§ Data provided:

Content starts

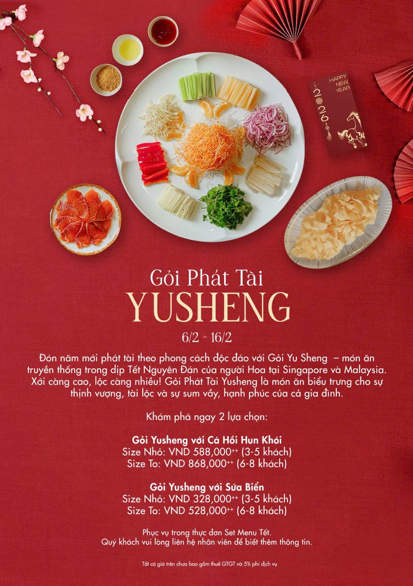 Lấy cảm hứng từ món ăn truyền thống trong dịp Tết Nguyên Đán của người Hoa tại Hồng Kông, Singapore và Malaysia, Gỏi Yu Sheng được các đầu bếp của chúng tôi hòa trộn từ nhiều loại rau củ thái sợi bắt mắt, sứa biển hay cá hồi tươi ngon, kết hợp cùng nước sốt chua ngọt đặc biệt.
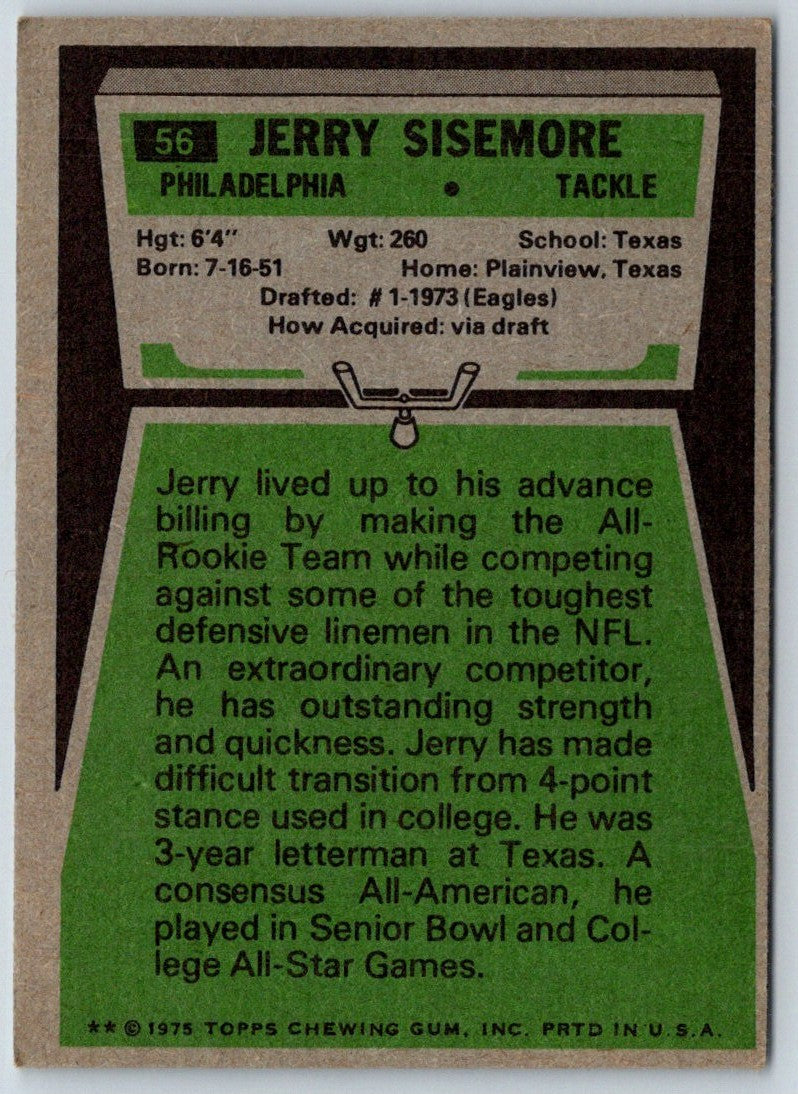 This 1975 Topps Jerry Sisemore card #56 from the Philadelphia Eagles is a must-have for any serious collector. Featuring a vibrant, full-color image of the NFL superstar, this card is in near mint condition and is sure to be a standout in any collection. With its classic design and bold colors, this card is a perfect representation of one of the NFL's greatest players. Add this vintage card to your collection today and be the envy of all your friends!
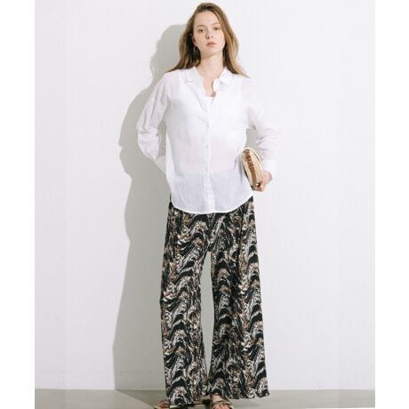 プリーツ加工とプリントデザインが印象的なイージーパンツ。
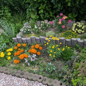 こんばんは╰(*´︶`*)╯♡ 2枚目です♡ ローダンセマム アプリコットジャム🌸 咲き進むと白っぽくなりますが咲き始めと色ミックスになって可愛いです😍 以前投稿したプリマリアさんとそっくり、こちらは普通のローダンセマムのサイズです😁 ④プリマリアとアプリコットジャム、サイズの違いわかりやすい様に並べてみました💕 ⑤数週間前の写真です😊 鉢植えローダンセマムが花壇の外側に並んでます🌸

Content ends

§ Action item:
Restate the data exactly, though only from the line that contains "プリーツ加工とプリントデザインが印象的なイージーパンツ。" through its last line, both ends included and with the pictures left out.

§ Exercise output:
 プリーツ加工とプリントデザインが印象的なイージーパンツ。
 こんばんは╰(*´︶`*)╯♡ 2枚目です♡ ローダンセマム アプリコットジャム🌸 咲き進むと白っぽくなりますが咲き始めと色ミックスになって可愛いです😍 以前投稿したプリマリアさんとそっくり、こちらは普通のローダンセマムのサイズです😁 ④プリマリアとアプリコットジャム、サイズの違いわかりやすい様に並べてみました💕 ⑤数週間前の写真です😊 鉢植えローダンセマムが花壇の外側に並んでます🌸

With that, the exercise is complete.